* **What the task asks**: Could you return the data that follows exactly, minus the images?

* **Data shown**:
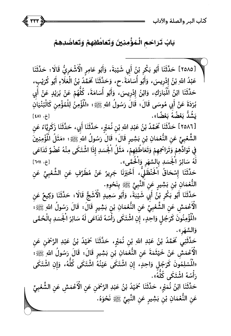 بَابُ تَرَاحُمِ الْمُؤْمِنِينَ وَتَعَاطُفِهِمْ وَتَعَاضُدِهِمْ
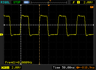 Hallo, ich habe seit kurzem ein STK500. Zuerst habe ich den ATmega8515L gegen einen ATmega168P (grüner Sockel) getauscht. Jumper habe ich wie folgt gesteckt: VTARGET: gesteckt AREF: gesteckt RESET: gesteckt XTAL1: gesteckt OSCSEL: auf 2/3 gesteckt BSEL2: nicht gesteckt PJUMP: nicht gesteckt Im CRYSTAL Sockel steckt ein 8MHz Quarz. Wenn ich jetzt mit Atmel Studio 6.1 programmieren möchte, muss ich doch die ISP Frequenz auf 1/4 der vom Quarz stellen, also max. 2Mhz. Ich habe versucht mit 1Mhz zu programmieren, aber dort bekomme ich einen Fehler und die Device Signature wird Rot hinterlegt. Erst wenn ich noch weiter runter gehe (auf 64kHz) funktioniert es. Die Clock Fuses habe ich auf EXTOSC_8MHZ gesetzt, da nur an den XTAL1 Pin des AVR der Takt kommt. Im Anhang habe ich ein Bild vom Takt an XTAL1 des ATmega168P. Ich hoffe ihr könnt mir helfen. Gruß Felix
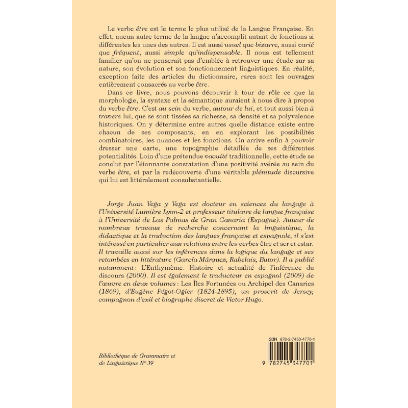 Dans ce livre, nous pouvons découvrir à tour de rôle ce que la morphologie, la syntaxe et la sémantique auraient à nous dire à propos du verbe être. C’est au sein du verbe, autour de lui, et tout aussi bien à travers lui, que se sont tissées sa richesse, sa densité et sa polyvalence historiques. On y détermine entre autres quelle distance existe entre chacun de ses composants, en en explorant les possibilités combinatoires, les nuances et les fonctions. On arrive enfin à pouvoir dresser une carte, une topographie détaillée de ses différentes potentialités. Loin d’une prétendue vacuité traditionnelle, cette étude se conclut par l’étonnante constatation d’une positivité avérée au sein du verbe être, et par la redécouverte d’une véritable plénitude discursive qui lui est littéralement consubstantielle.
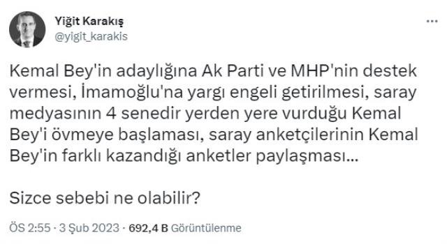 Karakış, bir diğer paylaşımında ise şunları söyledi: "Kemal Bey'in adaylığına Ak Parti ve MHP'nin destek vermesi, İmamoğlu'na yargı engeli getirilmesi, saray medyasının 4 senedir yerden yere vurduğu Kemal Bey'i övmeye başlaması, saray anketçilerinin Kemal Bey'in farklı kazandığı anketler paylaşması... Sizce sebebi ne olabilir?"

* **Expected output**:
 بَابُ تَرَاحُمِ الْمُؤْمِنِينَ وَتَعَاطُفِهِمْ وَتَعَاضُدِهِمْ
 Hallo, ich habe seit kurzem ein STK500. Zuerst habe ich den ATmega8515L gegen einen ATmega168P (grüner Sockel) getauscht. Jumper habe ich wie folgt gesteckt: VTARGET: gesteckt AREF: gesteckt RESET: gesteckt XTAL1: gesteckt OSCSEL: auf 2/3 gesteckt BSEL2: nicht gesteckt PJUMP: nicht gesteckt Im CRYSTAL Sockel steckt ein 8MHz Quarz. Wenn ich jetzt mit Atmel Studio 6.1 programmieren möchte, muss ich doch die ISP Frequenz auf 1/4 der vom Quarz stellen, also max. 2Mhz. Ich habe versucht mit 1Mhz zu programmieren, aber dort bekomme ich einen Fehler und die Device Signature wird Rot hinterlegt. Erst wenn ich noch weiter runter gehe (auf 64kHz) funktioniert es. Die Clock Fuses habe ich auf EXTOSC_8MHZ gesetzt, da nur an den XTAL1 Pin des AVR der Takt kommt. Im Anhang habe ich ein Bild vom Takt an XTAL1 des ATmega168P. Ich hoffe ihr könnt mir helfen. Gruß Felix
 Dans ce livre, nous pouvons découvrir à tour de rôle ce que la morphologie, la syntaxe et la sémantique auraient à nous dire à propos du verbe être. C’est au sein du verbe, autour de lui, et tout aussi bien à travers lui, que se sont tissées sa richesse, sa densité et sa polyvalence historiques. On y détermine entre autres quelle distance existe entre chacun de ses composants, en en explorant les possibilités combinatoires, les nuances et les fonctions. On arrive enfin à pouvoir dresser une carte, une topographie détaillée de ses différentes potentialités. Loin d’une prétendue vacuité traditionnelle, cette étude se conclut par l’étonnante constatation d’une positivité avérée au sein du verbe être, et par la redécouverte d’une véritable plénitude discursive qui lui est littéralement consubstantielle.
 Karakış, bir diğer paylaşımında ise şunları söyledi: "Kemal Bey'in adaylığına Ak Parti ve MHP'nin destek vermesi, İmamoğlu'na yargı engeli getirilmesi, saray medyasının 4 senedir yerden yere vurduğu Kemal Bey'i övmeye başlaması, saray anketçilerinin Kemal Bey'in farklı kazandığı anketler paylaşması... Sizce sebebi ne olabilir?"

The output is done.